Now the Pia family is extended with Pia Mandarin, an oblate globe reminiscent of the citrus fruit – Gärsnäs

Pia Mandarin

Those famous illuminated spheres have a new cousin. The Pia lamp is a timeless classic by Gärsnäs: for ceiling, floor, rooms. Now the Pia family is extended with Pia Mandarin, an oblate globe reminiscent of the citrus fruit. The lamp’s spherical structure is made of silver wire draped in white cotton fabric, which casts a soft, floating light. Small holes in the fabric provide a sparkling effect. Pia Mandarin is available in a diameter size 52 cm. Light strength can vary. The fabric is removable and washable.

 

 

The first Pia lamps were designed in the 1940s by architect Tore Ahlsén, who wanted to bring nature’s beautiful, gentle light indoors. He experimented with a silver wire bent in circles from various fixed points. The name comes from mathematics: Pi being the ratio between a circle’s circumference to its diameter.

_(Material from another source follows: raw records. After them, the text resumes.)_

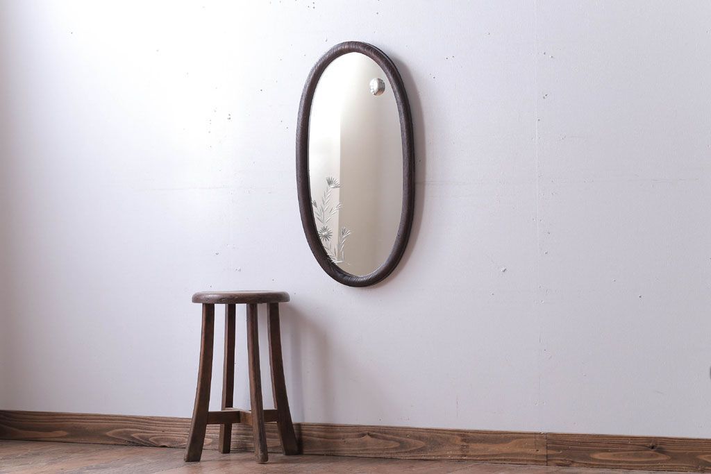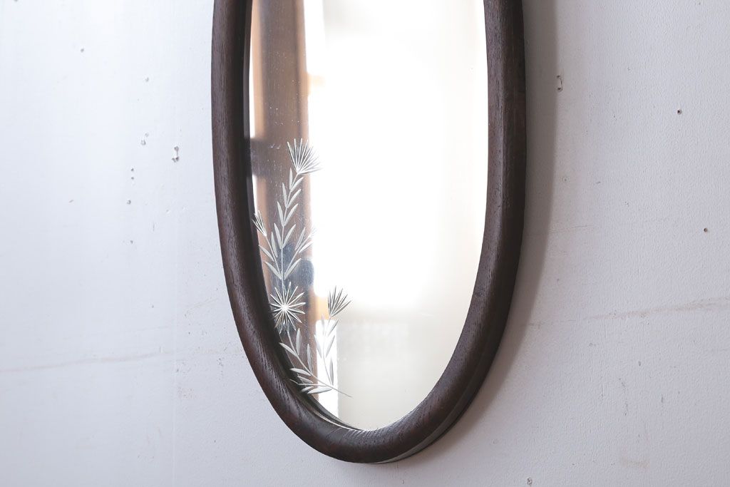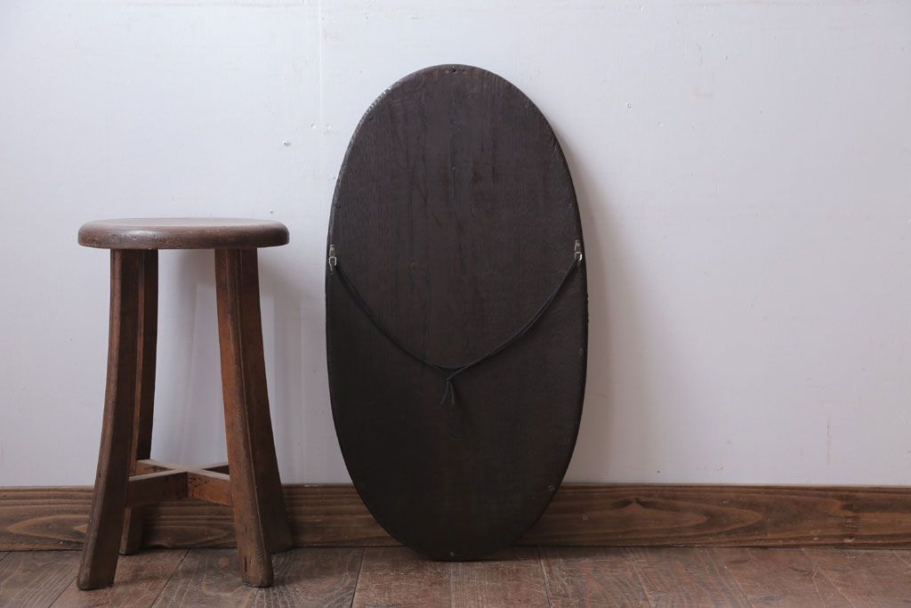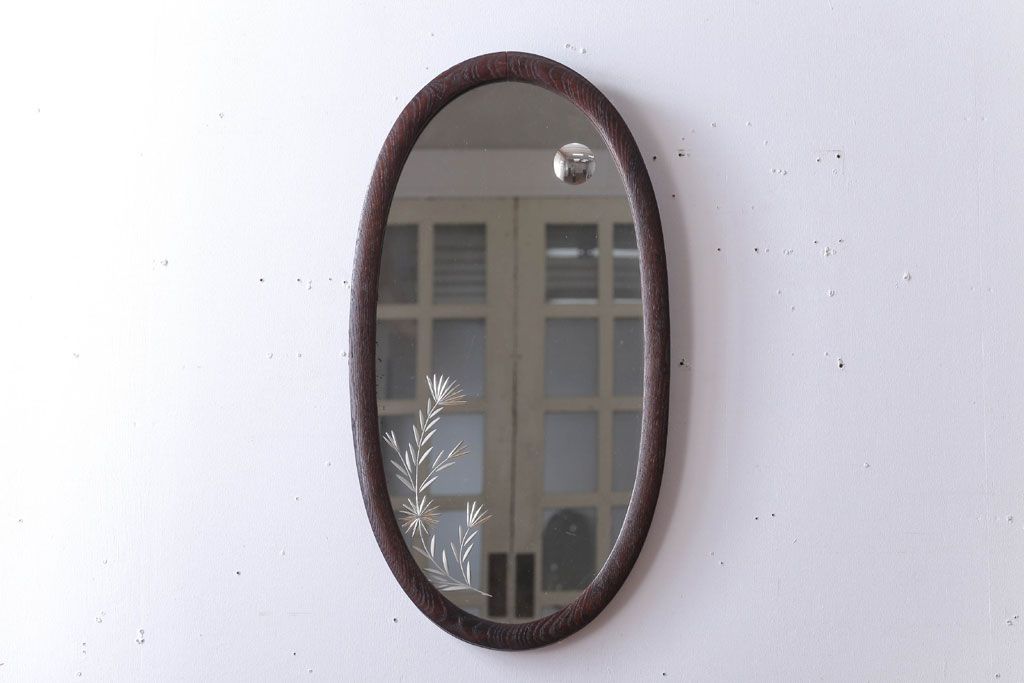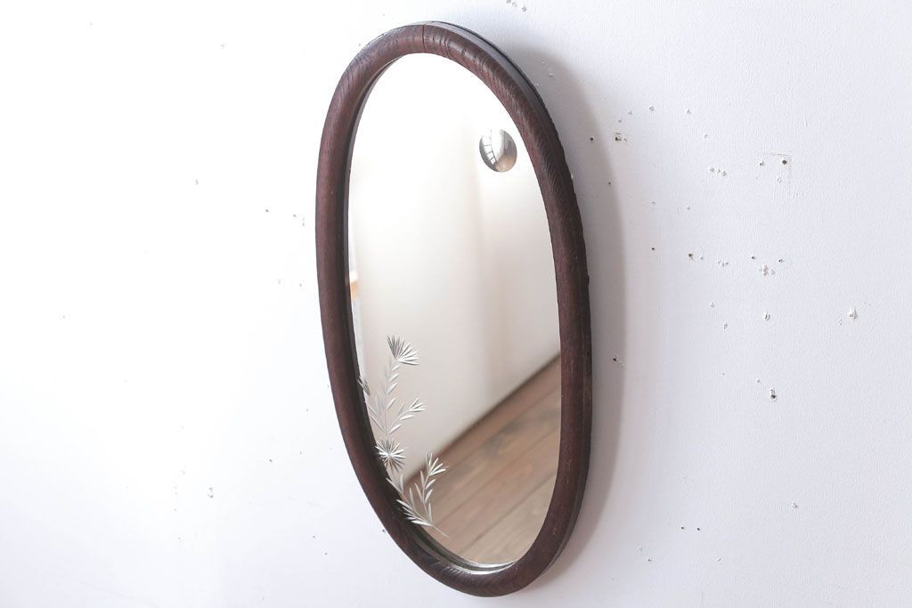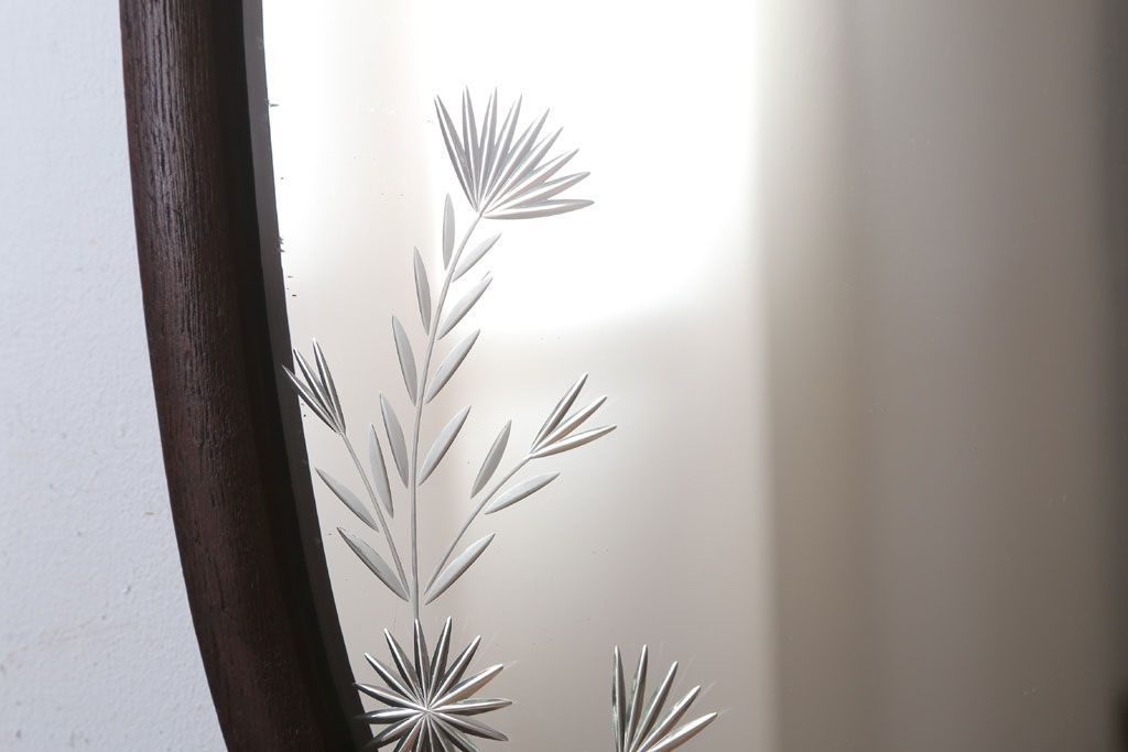 アンティーク雑貨 和製アンティーク 総栗材!カットガラス鏡の高級壁掛けミラー
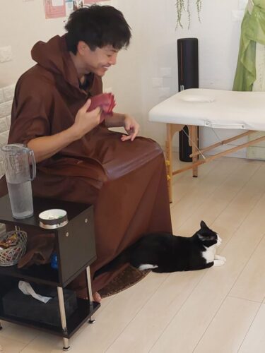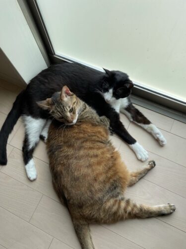 猫たちも、よもぎの香りが漂うお部屋の片隅で、
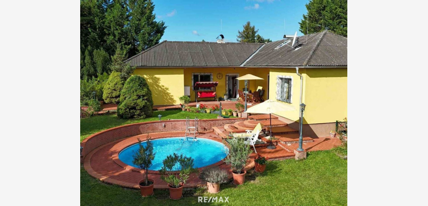 Der weitläufige Garten ist eine wahre Oase: Der schön gefertigte und fest integrierte Pool verspricht an heißen Sommertagen eine willkommene Abkühlung. Ein eigener Brunnen am Grundstück sorgt dabei für eine kosteneffiziente Bewässerung der Grünflächen. Auf der großzügigen Terrasse, die sowohl vom Wohnzimmer als auch vom Gang auf Höhe der Küche zugänglich ist, findet sich reichlich Platz für gesellige Stunden im Freien.
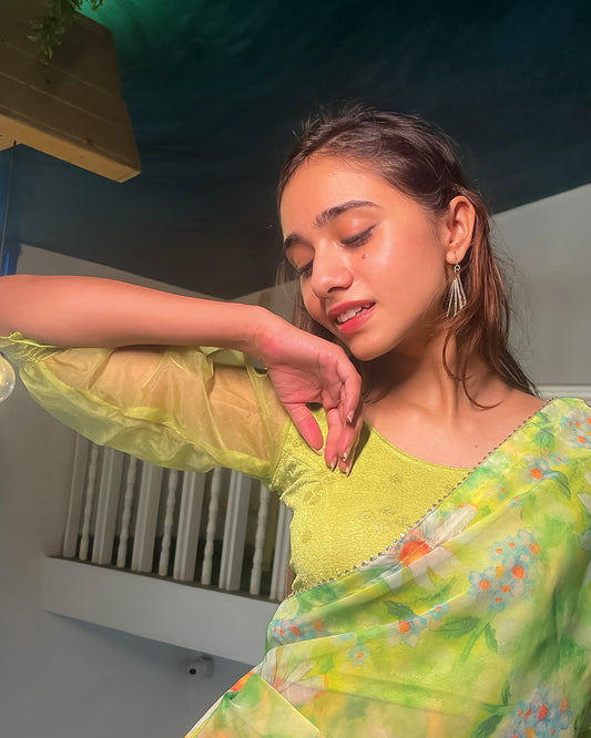 Kaanchi Green Jacquard Blouse with Organza Sleeves and Gold Foil by Advi

Together with his brother Erik, Tore Ahlsén designed many buildings that characterised the architecture of the Swedish welfare state, including the PUB building in Stockholm, the Kasper Salin award-winning Medborgarhuset in Örebro and Årsta centrum in the 1940s. That is where the very first Pia lamps were designed and they still hang in Folkets Hus today.

In the mid-1970s, Gärsnäs took over the production of the Pia lamps. Products of craftsmanship, they are available as pendants, ceiling fixtures and floor lamps, the latter somewhat oddly named Napoleon by the Nile, for the shape of the regulator at the foot of the lamp that resembles Napoleon’s famous silhouette with the hat. The lamp’s globe is like Napoleon looking at the moon over the Nile. This floor model was first designed for Kooperativa Förbundet and later produced by Nordiska Kompaniet, but was gradually dropped from production.

Since 1976, Gärsnäs has made Napoleon by the Nile with a black, cast-iron foot. Tore Ahlsén also designed our popular Pia garden chairs in white-painted metal.